Question 2 Multiple Choice
Which of the following is NOT a state function?
AEntropy (S)
BWork done during an isothermal expansion (W)
CEnthalpy (H = U + PV)
DTemperature (T)
Work W is a path function, not a state function. The work done during an isothermal expansion depends on the specific path (e.g., reversible expansion vs. expansion against a fixed external pressure gives different W). You cannot say 'the work content of this gas' because work has no definite value at a state — only during a process. Entropy, enthalpy, and temperature are all state functions: their values are uniquely determined by the equilibrium state of the system.
Question 3 True / False
Heat Q is a state function because it contributes to the internal energy of a system through the First Law ΔU = Q − W.
TTrue
FFalse
Answer: False
This is the most common misconception about state functions. Q contributing to ΔU does not make Q a state function — it makes ΔU a state function (specifically, it means ΔU = Q − W where the difference Q − W is path-independent even though Q and W individually are not). Heat is a process quantity: it describes energy transfer during a process, not a property stored in a state. A system does not 'have' a certain amount of heat; it has internal energy, temperature, and entropy — all state functions.
Question 4 True / False
Because entropy is a state function, you can calculate ΔS for an irreversible process by constructing a reversible path between the same endpoints and integrating dS along that path.
TTrue
FFalse
Answer: True
This is the practical power of state functions. For an irreversible process, dS = đQ_rev/T cannot be directly applied (since the process isn't reversible). But because S is a state function, ΔS depends only on the endpoints. You are free to choose any convenient path between those endpoints — including a hypothetical reversible path — and integrate dS = dQ_rev/T along it. The result is the same ΔS regardless of which actual irreversible path occurred. This technique underlies most entropy calculations in thermodynamics.
Question 5 Short Answer
Explain why heat (Q) is a path function rather than a state function, and describe what practical consequence this distinction has for thermodynamic calculations.
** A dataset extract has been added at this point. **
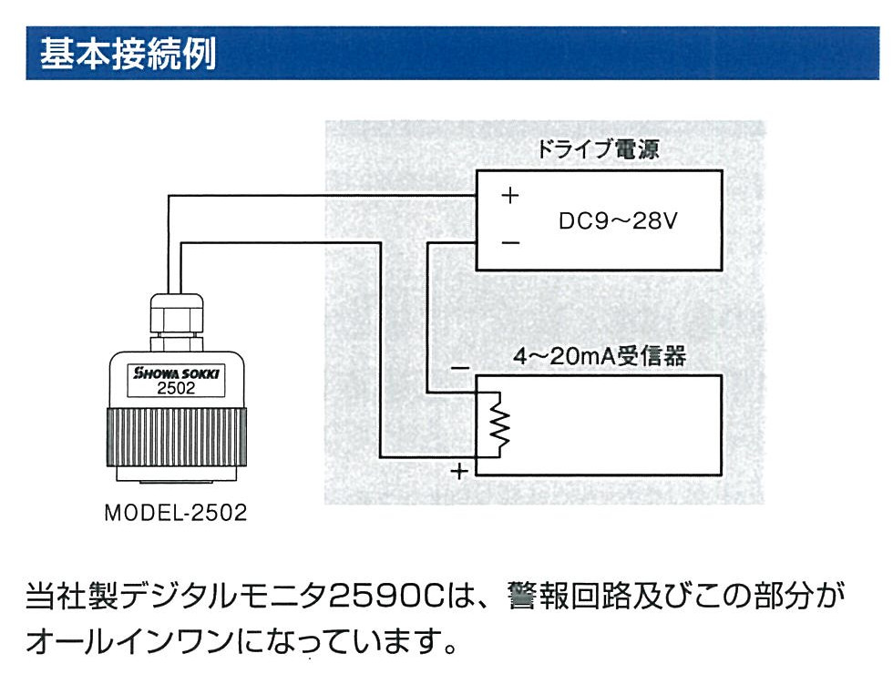 | 2 | デジタルモニタ(4-20mA出力付) | MODEL-2590C-A11 | 1台 | 2502シリーズの全てに 適合します |

Think about your answer, then reveal below.
Model answer: Heat is a path function because it measures energy transfer across the system boundary during a specific process — it is not a property stored in the system at a state. Two processes connecting the same initial and final states can involve completely different amounts of heat (and work), as long as their difference Q − W = ΔU is the same. The practical consequence: you cannot look up Q in a table for a given state, and you cannot calculate Q for an irreversible process using only state variables at the endpoints. You must know the specific path. In contrast, state functions like ΔU and ΔH can be calculated via any convenient hypothetical path — even physically unrealizable ones — making them far easier to tabulate and use in calculations.
This distinction underlies Hess's law, entropy calculations, and the entire framework of thermodynamic potentials. State functions are powerful precisely because they free you from tracking every step of a process — you only need the endpoints. Path functions require process-level information, making them harder to use for predictive calculations.